# What you need to do:
Using the entries below, copy exactly each line from the line with "1、玩家可以使用金币来解锁和升级酒厂的设备,增加酒的产量,扩大玩家的领地。" up to and including the line with "常瀛置業(yè)信譽度評價優(yōu)秀單位", with every picture left out.

# Data supplied:
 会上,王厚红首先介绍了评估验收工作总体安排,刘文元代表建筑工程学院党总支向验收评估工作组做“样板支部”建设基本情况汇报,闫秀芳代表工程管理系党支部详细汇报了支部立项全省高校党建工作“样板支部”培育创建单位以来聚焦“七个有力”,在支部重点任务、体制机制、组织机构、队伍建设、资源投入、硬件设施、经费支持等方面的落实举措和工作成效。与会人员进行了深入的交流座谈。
...
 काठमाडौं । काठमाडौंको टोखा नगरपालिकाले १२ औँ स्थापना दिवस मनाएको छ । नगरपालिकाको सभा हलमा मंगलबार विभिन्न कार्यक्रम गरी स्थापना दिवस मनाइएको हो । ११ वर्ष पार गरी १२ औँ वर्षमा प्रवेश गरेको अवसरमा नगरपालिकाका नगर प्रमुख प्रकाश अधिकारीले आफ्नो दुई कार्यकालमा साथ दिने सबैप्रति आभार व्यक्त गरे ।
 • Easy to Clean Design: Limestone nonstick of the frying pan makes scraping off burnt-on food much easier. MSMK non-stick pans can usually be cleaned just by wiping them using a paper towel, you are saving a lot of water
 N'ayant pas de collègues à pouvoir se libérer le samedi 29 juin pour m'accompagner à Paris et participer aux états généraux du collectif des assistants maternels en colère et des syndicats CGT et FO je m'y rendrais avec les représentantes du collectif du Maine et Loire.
---
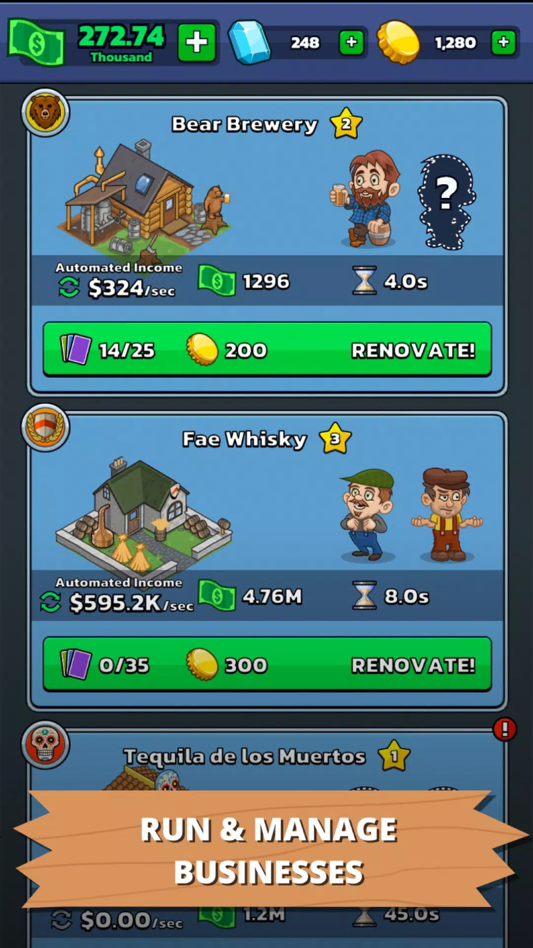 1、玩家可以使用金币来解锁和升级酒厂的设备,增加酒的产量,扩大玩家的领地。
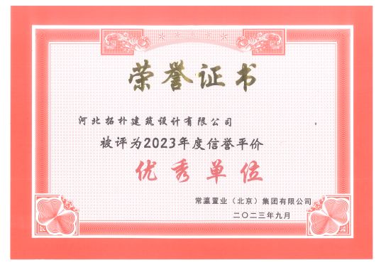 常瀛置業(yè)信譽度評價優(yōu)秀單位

# Written answer:
 1、玩家可以使用金币来解锁和升级酒厂的设备,增加酒的产量,扩大玩家的领地。
 常瀛置業(yè)信譽度評價優(yōu)秀單位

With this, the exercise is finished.